— Nilai tukar rupiah diperkirakan kembali memasuki fase pelemahan terhadap dolar AS pada perdagangan Jumat, 3 Juli 2026. Prediksi itu disampaikan menyusul penutupan rupiah yang melemah pada perdagangan sebelumnya.

Pada Kamis sore (2/7/2026) rupiah ditutup turun 43 poin ke level Rp 17.995 per dolar AS dibandingkan penutupan hari sebelumnya di Rp 17.950 per dolar AS.

“Sedangkan untuk perdagangan besok, mata uang rupiah fluktuatif namun ditutup melemah di rentang Rp 17.990 – Rp 18.050,” ujar Direktur PT. Traze Andalan Futures, Ibrahim Assuaibi, dalam keterangan pada Kamis (2/7/2026).

Faktor Domestik dan Eksternal

Ibrahim mengatakan salah satu pemicu tren pelemahan adalah data Purchasing Managers’ Index (PMI) Indonesia yang dirilis S&P Global, menunjukkan angka 46,9 pada Juni 2026—tingkat penurunan terkuat dalam satu tahun terakhir.

Selain itu, proyeksi lembaga pemeringkat internasional mengenai cadangan devisa Indonesia juga memberi tekanan. Menurut proyeksi tersebut, cadangan devisa pada 2026 hanya cukup untuk membiayai sekitar 4,9 bulan kebutuhan pembayaran eksternal berjalan, sedikit di bawah median negara berperingkat BBB yang sekitar 5 bulan.

“Menurut Fitch, penyusutan cadangan devisa terutama dipicu oleh memburuknya terms of trade akibat kenaikan harga energi global, intervensi BI di pasar valuta asing untuk menopang rupiah, serta pembayaran utang luar negeri,” kata Ibrahim.

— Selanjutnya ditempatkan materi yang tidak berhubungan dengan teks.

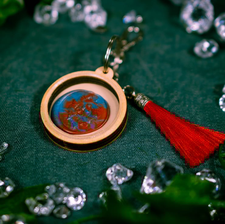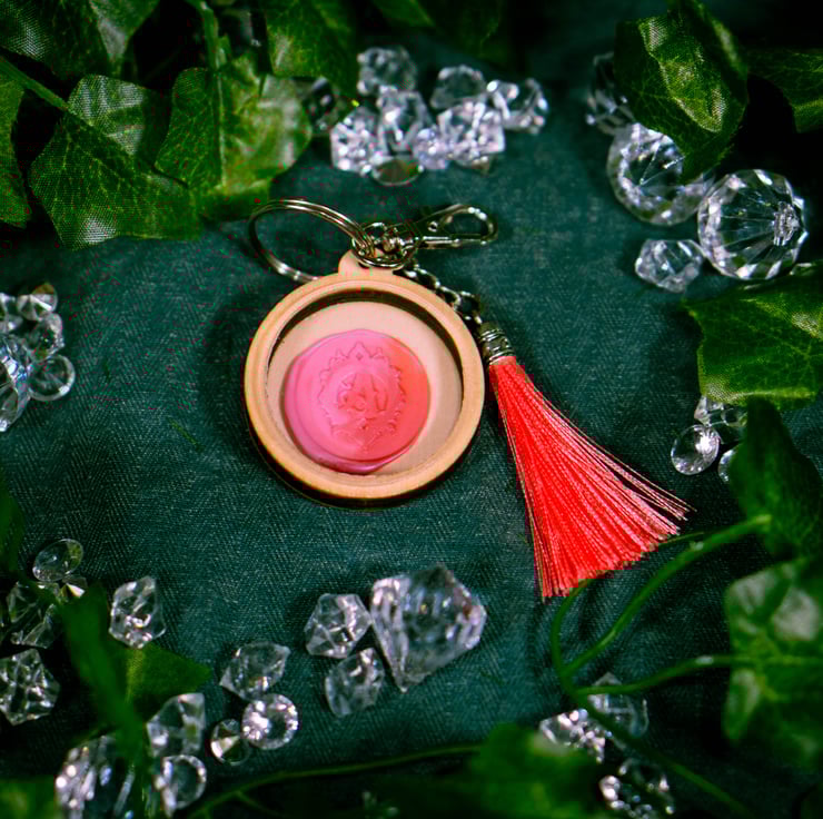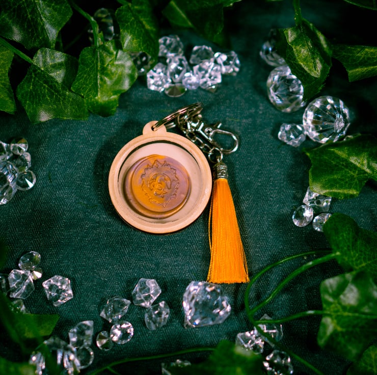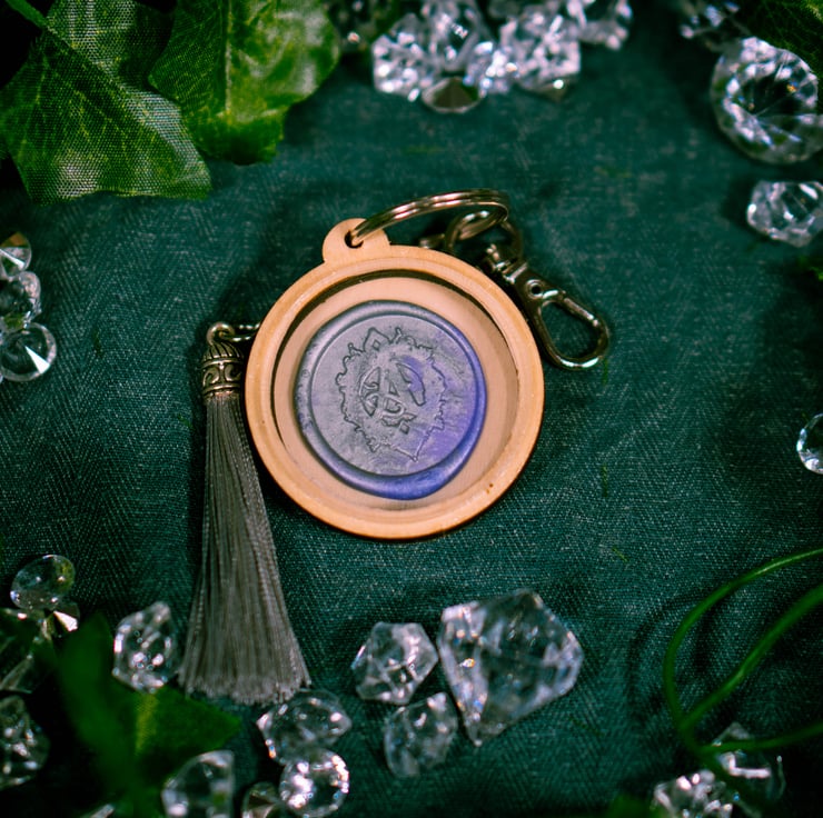 Introducing our vibrant round keychain, featuring Aetheria's magical crest with a tassel for a touch of charm. This colorful accessory not only keeps your keys organized but also serves as a symbol of your connection to Aetheria's enchanting world.

Ibrahim menambahkan, kepercayaan pelaku pasar terhadap Indonesia menghadapi tekanan setelah timbul sejumlah sentimen negatif memasuki kuartal II. Di antaranya disebutkan kasus korupsi tingkat tinggi, kekhawatiran fiskal pasca-defisit neraca perdagangan Mei, lonjakan inflasi, serta penundaan pengumuman tentang pasar modal Indonesia oleh penyedia indeks global MSCI.

Perhatian Pasar Terhadap Data AS

Dari sisi eksternal, Ibrahim mencatat bahwa rupiah melemah meski ketegangan antara AS dan Iran sedikit mereda setelah adanya kemajuan dalam pembicaraan tidak langsung terkait Selat Hormuz.

Perhatian pasar kini bergeser ke rilis data Nonfarm Payrolls AS yang akan dirilis malam ini. “Ekspektasi pasar adalah ekonomi AS menambah 110.000 pekerjaan, sementara tingkat pengangguran diperkirakan tetap di 4,3%,” ujar Ibrahim.

“Sedangkan untuk perdagangan besok, mata uang rupiah fluktuatif namun ditutup melemah di rentang Rp 17.990 – Rp 18.050,”

Analisis dan proyeksi di atas disampaikan oleh Ibrahim Assuaibi, Direktur PT. Traze Andalan Futures, berdasarkan kondisi pasar dan data yang tersedia hingga 2 Juli 2026.